Exon | Template | Direction | Sequence |
---|---|---|---|
2–3 | gDNA | F | TTGGAAGCGTCTCATGCTG |
R | GTAGATGGGTGAAAAGAGCAG | ||
4 | gDNA | F | M13‐ACGTTCTGGTAAGGACAAGGG |
R | GAGGAATCCCAAAGTTCCAAAC | ||
5–6 | gDNA | F | M13‐GCCGTGTTCCAGTTGCTTTATC |
R | GCCACTGACAACCACCCTTA | ||
7 | gDNA | F | M13‐ACAGGTCTCCCCAAGGCGCAC |
R | CAGTGTGCAGGGTGGCAAGTG | ||
8–9 | gDNA | F | M13‐AAATGGGACAGGTAGGACC |
R | TGTTAGACTGGAAACTTTCCAC | ||
10 | gDNA | F | ACTTACTTCTCCCCCTCCTC |
R | M13‐GAATCCTATGGCTTTCCAACC | ||
11 | gDNA | F | CCTTCAAAGCATTGGTCAGG |
R | CCAAAACCCAAAATGGCAGG | ||
8–11 | cDNA | F | GCGCACAGAGGAAGAGAATC |
R | GGTAGACTGACCCTTTTTGGAC |
Abbreviations: M13‐ = the M13 forward primer sequence (GTAAAACGACGGCCAG) added to be used for sequencing.
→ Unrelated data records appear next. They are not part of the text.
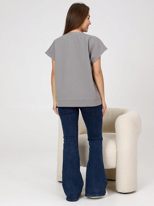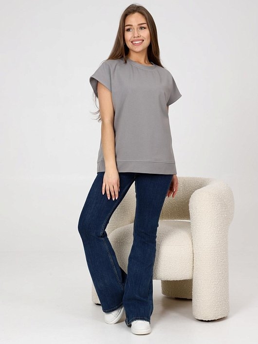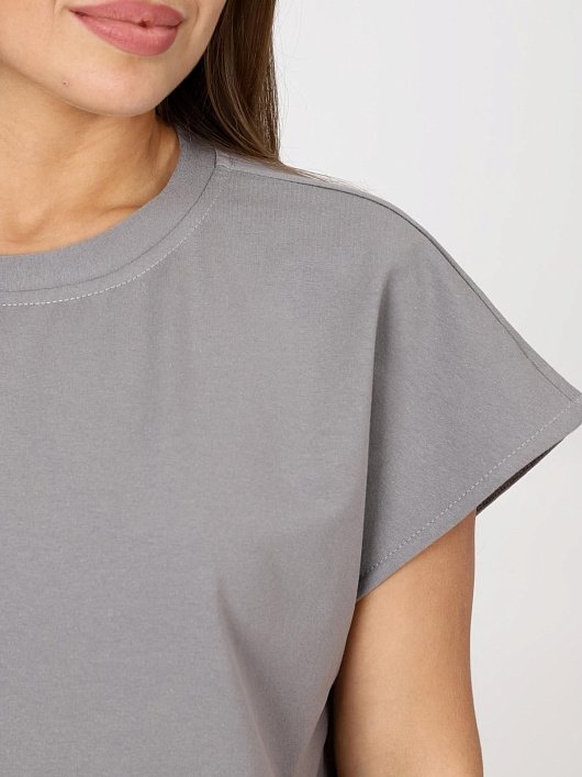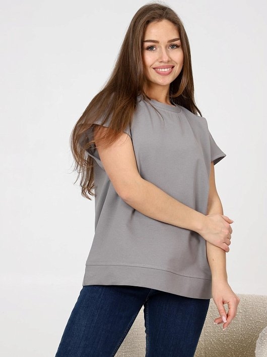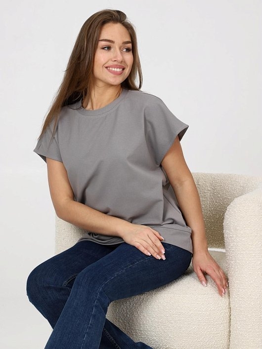 Футболка женская из футера с лайкрой свободного силуэта, круглым вырезом горловины, цельнокроеными короткими рукавами.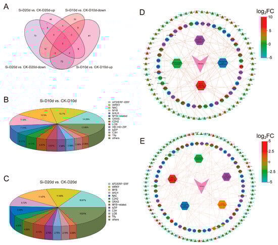 Transcription factors (TFs) analysis of S. indica-treated tea plant samples under drought stress. (A) Venn analysis of TFs in Si-D10d vs. CK-D10d and Si-D20d vs. CK-D20d. (B) Classification of identified TFs in Si-D10d vs. CK-D10d. (C) Classification of identified TFs in Si-D20d vs. CK-D20d. (D) Co-expression network of TFs and genes in significantly enriched KEGG pathways in Si-D10d vs. CK-D10d. (E) Co-expression network of TFs and genes in the significantly enriched KEGG pathways in Si-D20d vs. CK-D20d. Hexagons represent KEGG pathways, pies represent TFs, and triangles represent genes, with triangle colors shaded from light to dark based on the log2FC.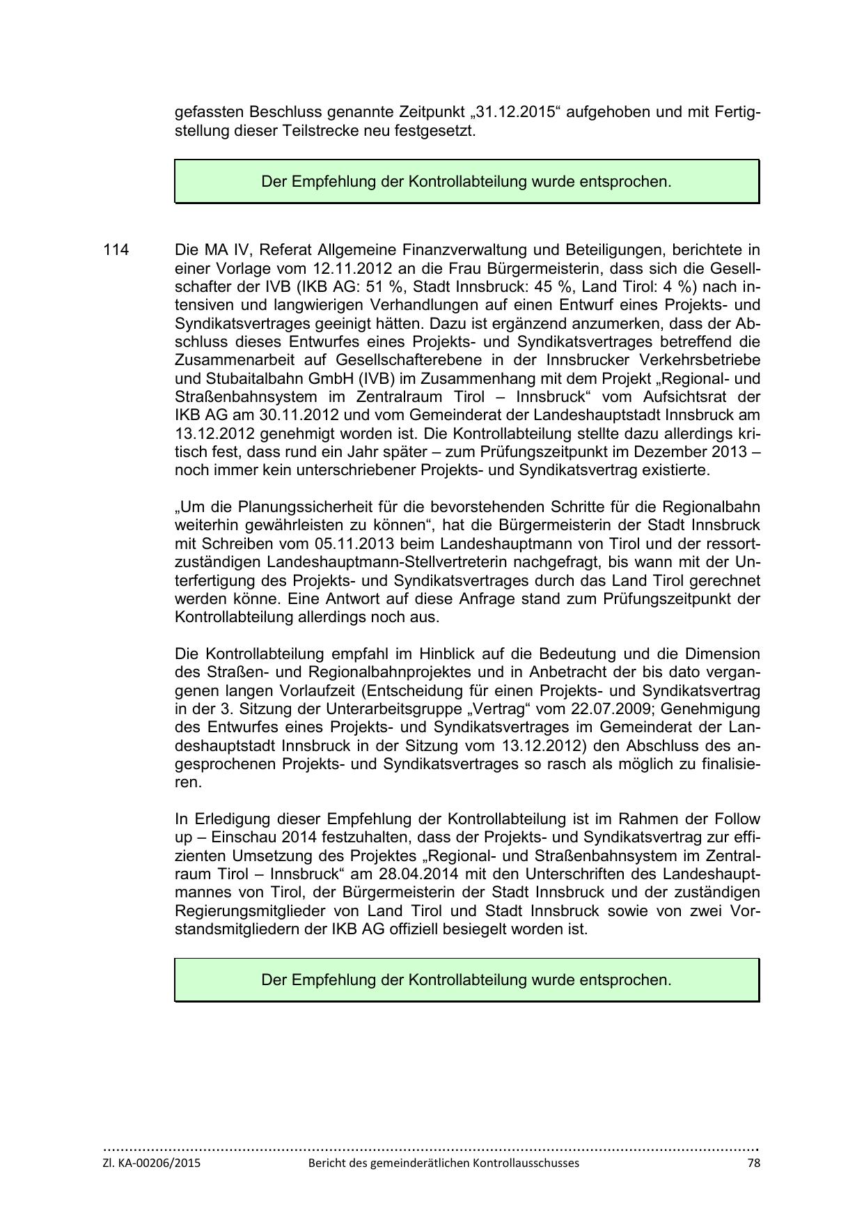 up – Einschau 2014 festzuhalten, dass der Projekts- und Syndikatsvertrag zur effizienten Umsetzung des Projektes „Regional- und Straßenbahnsystem im Zentralraum Tirol – Innsbruck“ am 28.04.2014 mit den Unterschriften des Landeshauptmannes von Tirol, der Bürgermeisterin der Stadt Innsbruck und der zuständigen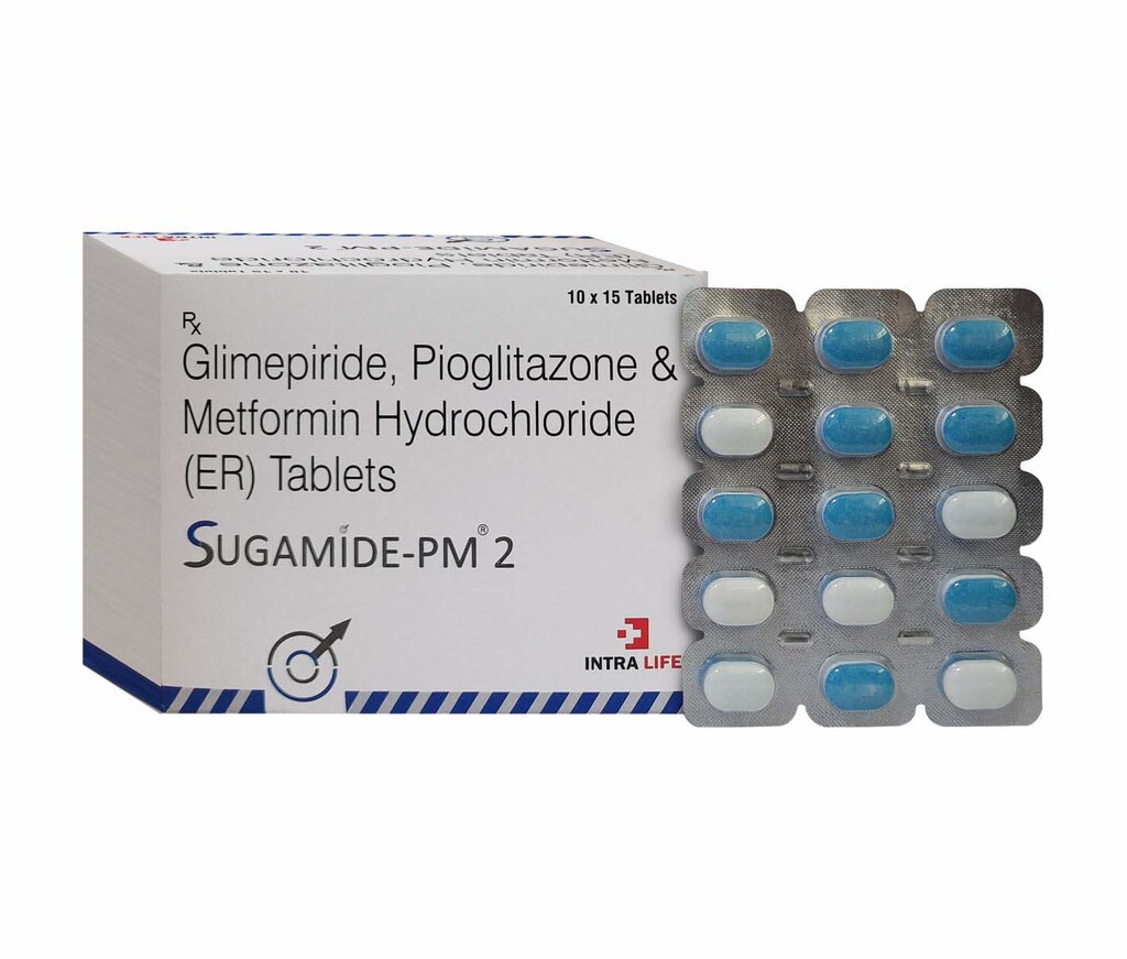 This triple combination tablet contains Glimepiride 2 mg, Pioglitazone 15 mg, and Metformin Hydrochloride 500 mg in Sustained Release (SR) form. It is formulated to provide comprehensive glycemic control in patients with type 2 diabetes mellitus, especially those not adequately managed by dual therapy.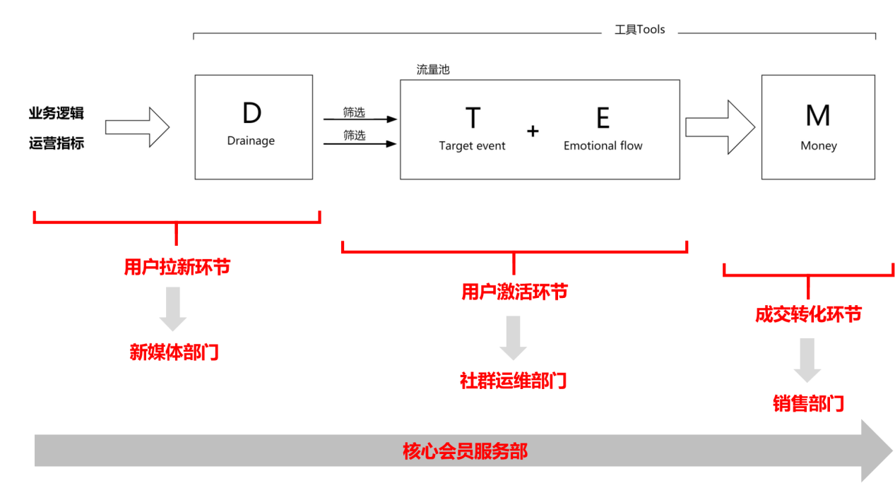 当社群发展到一定规模时,社群营销团队的组建就需要相对比较完善了。在具体岗位的职能划分上也会更加的细致。而具体的划分方式,我们可以根据社群运营管理D-TE-MR模型来进行设计。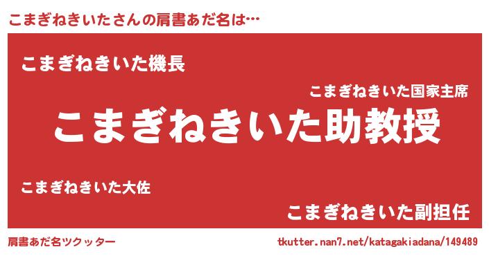 | 男性向けラノベタイトル風あだ名 | 『おまえをオタクにしてやるから、俺をこまぎねきいたにしてくれ! 』 |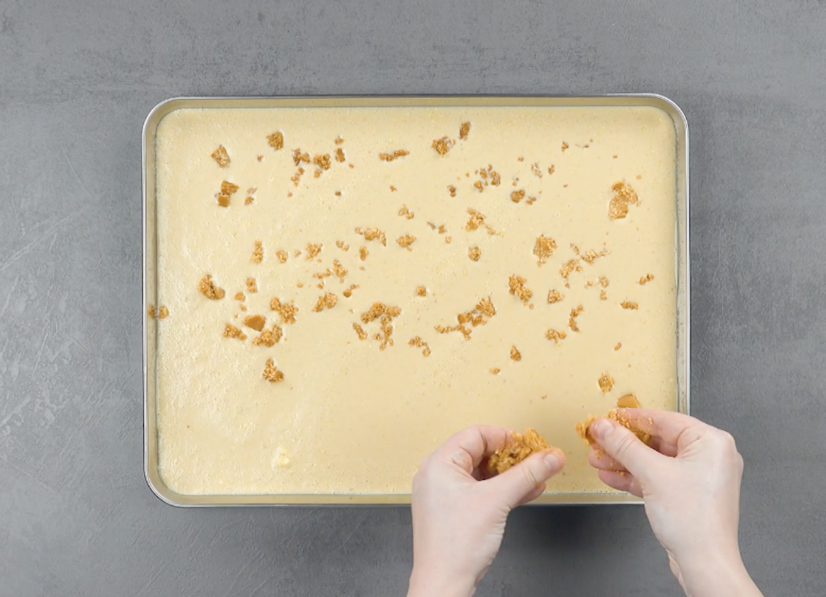 5.1 Gib Kondensmilch, Sahne, Popcorn und Karamellsoße in einen Mixer und püriere alles miteinander. Gieße die Flüssigkeit auf ein Backblech und verteile zerbröselte Karamellbonbons darauf. Stelle das Blech für mindestens 4 Stunden in den Gefrierschrank.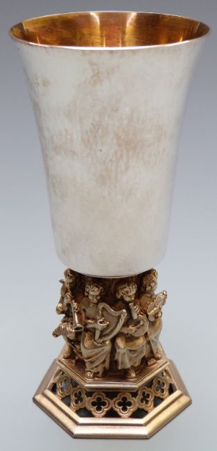 Aurum limited edition (209/700) Lincoln cathedral hallmarked silver commemorative goblet, with musicians above a pierced border and hammered decoration to the bowl, London 1981 maker Hector Miller, weight 344g, in box with paperwork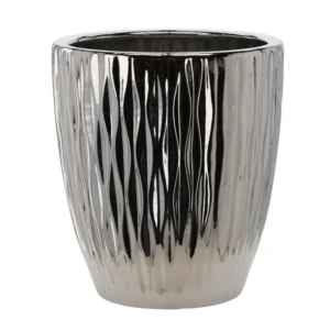 Emeld otthonod vagy teraszod hangulatát ezzel az impozáns, hullámos textúrájú, ezüstszínű kerámia kaspóval, amely 45×45×51,5 cm-es méretével a nagyobb szobanövényeknek és kinti dísznövényeknek is elegáns otthont biztosít.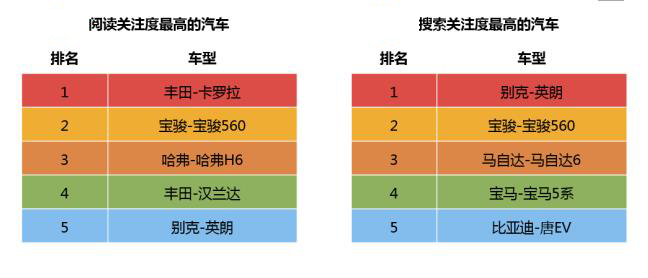 在汽车行业整体火爆的背后,国产车起到了至关重要的推动作用。数据显示,国产车尤其是SUV车型对合资品牌发起了强劲挑战,以大众为代表的合资车型不在拥有绝对的关注优势。报告还显示,阅读关注度最高的五款车型是:卡罗拉、宝骏560、哈弗H6、汉兰达和英朗。从用户主动检索车型的情况来看,别克英朗、宝骏560、马自达6、宝马5系和比亚迪唐EV是被主动检索最多的五个车型。
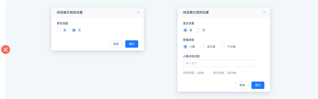 · 信息扩展性更强,可容纳更多提示信息来帮助⽤户更具象的理解以及预防错误发⽣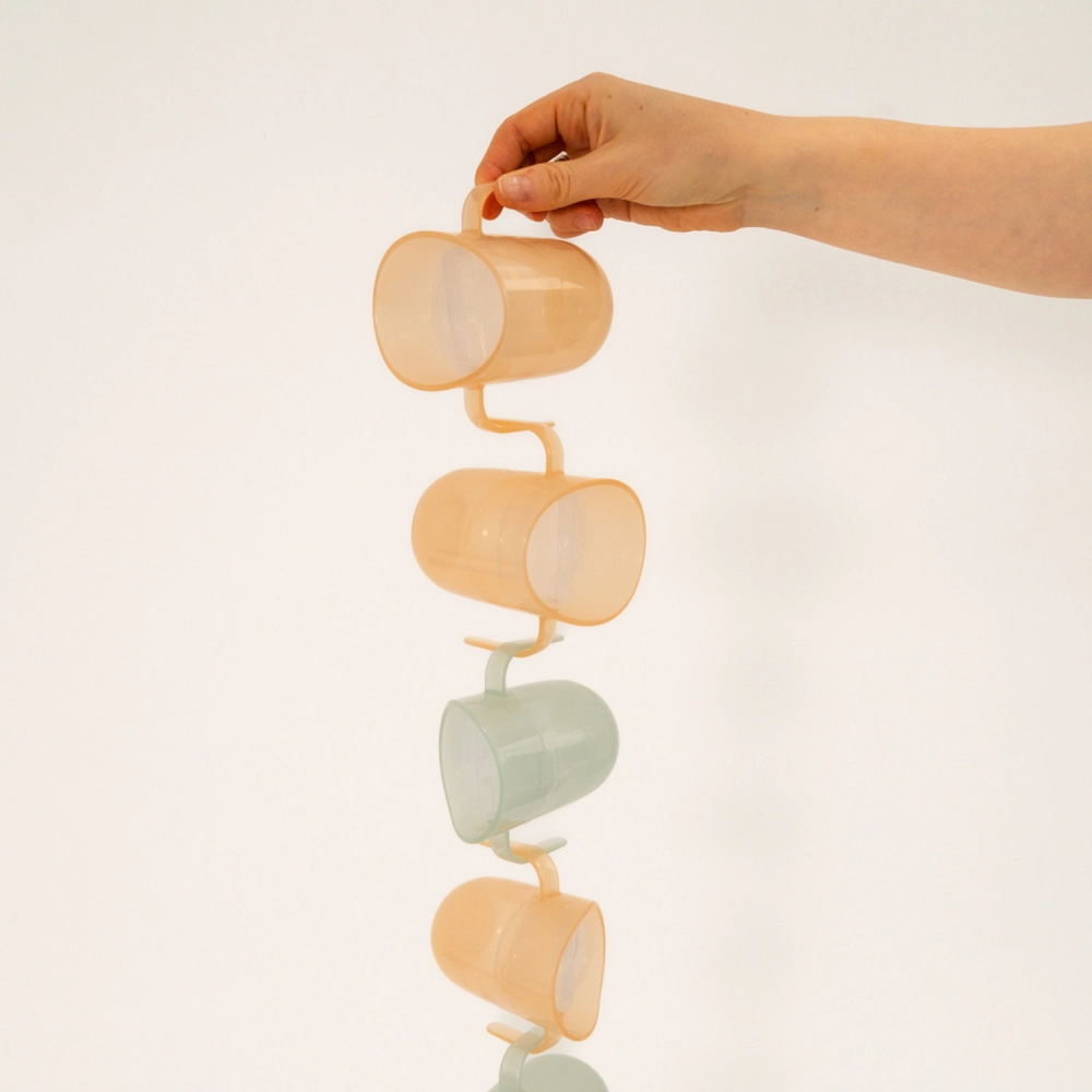Verlangsamter Durchfluss, transparente Wände, ausgeschnittener Rand, Möglichkeit der Nutzung als offener Becher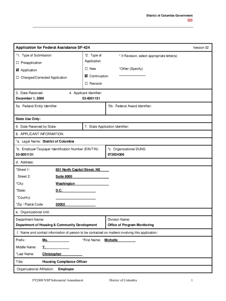 Get the free Application Form SF424.pdf - DOEE.DC.Gov. - dhcd dc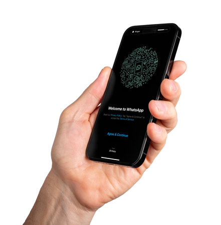 Alanya, Turkey - July 25, 2022: Man hand holding iPhone 13 Pro Graphite with social networking service messenger WhatsApp on the screen.

For DA095, the only case with a mutation in intron 9, TA cloning and sequencing using the PCR product were performed in order to accurately determine the mutated sequence. Total RNA was extracted from the frozen samples using an RNeasy Mini Kit (Qiagen) according to the manufacturer's recommendations. First‐strand cDNA was synthesized from 500 ng of total RNA with Superscript III (Invitrogen Life Technologies, Carlsbad, CA, USA). PCR was performed using the primers located within exon 8 (forward) and 11 (reverse) that amplifies a part of the transcript with the condition mentioned above. The PCR product was subcloned into a pMD20‐T vector using the Mighty TA cloning kit (Takara Bio Inc., Tokyo, Japan) and sequenced.
IHC
A 4 μm‐thick section of a representative block for each tumor was deparaffinized. Heat‐induced epitope retrieval was performed with citrate buffer (pH 6.0). The slides were treated with 3% hydrogen peroxide for 20 minutes to block endogenous peroxidase activity, followed by washing in deionized water for 2–3 minutes. The slides were then incubated with a primary antibody against p53 (1:100, DO‐7; Dako, Carpinteria, CA, USA) for 30 minutes at room temperature. Immunoreactions were detected using the EnVision detection system (Dako). The reactions were visualized with 3,3′‐diaminobenzidine, followed by counterstaining with hematoxylin. Only nuclear staining in viable tumor cells was considered significant. The staining intensity was dichotomized into weak and strong as follows: strong intensity was defined as being readily visible using a 4× objective lens, while weak intensity was defined as being readily visible only at higher magnifications. The extent of weak and strong reactivity was separately recorded as a percentage (0%−100%) of the total number of tumor cells examined. The interpretation was performed primarily by careful visual inspection in the most reactive area of the slide, which was complemented by manual counting as necessary. The scoring was performed, blinded to the TP53 mutation status, by a board‐certified pathologist who was in charge of our neuropathology diagnostic service (AY). This assessment was used as a basis for the subsequent analysis to establish the optimal cutoff value to predict TP53 mutation status.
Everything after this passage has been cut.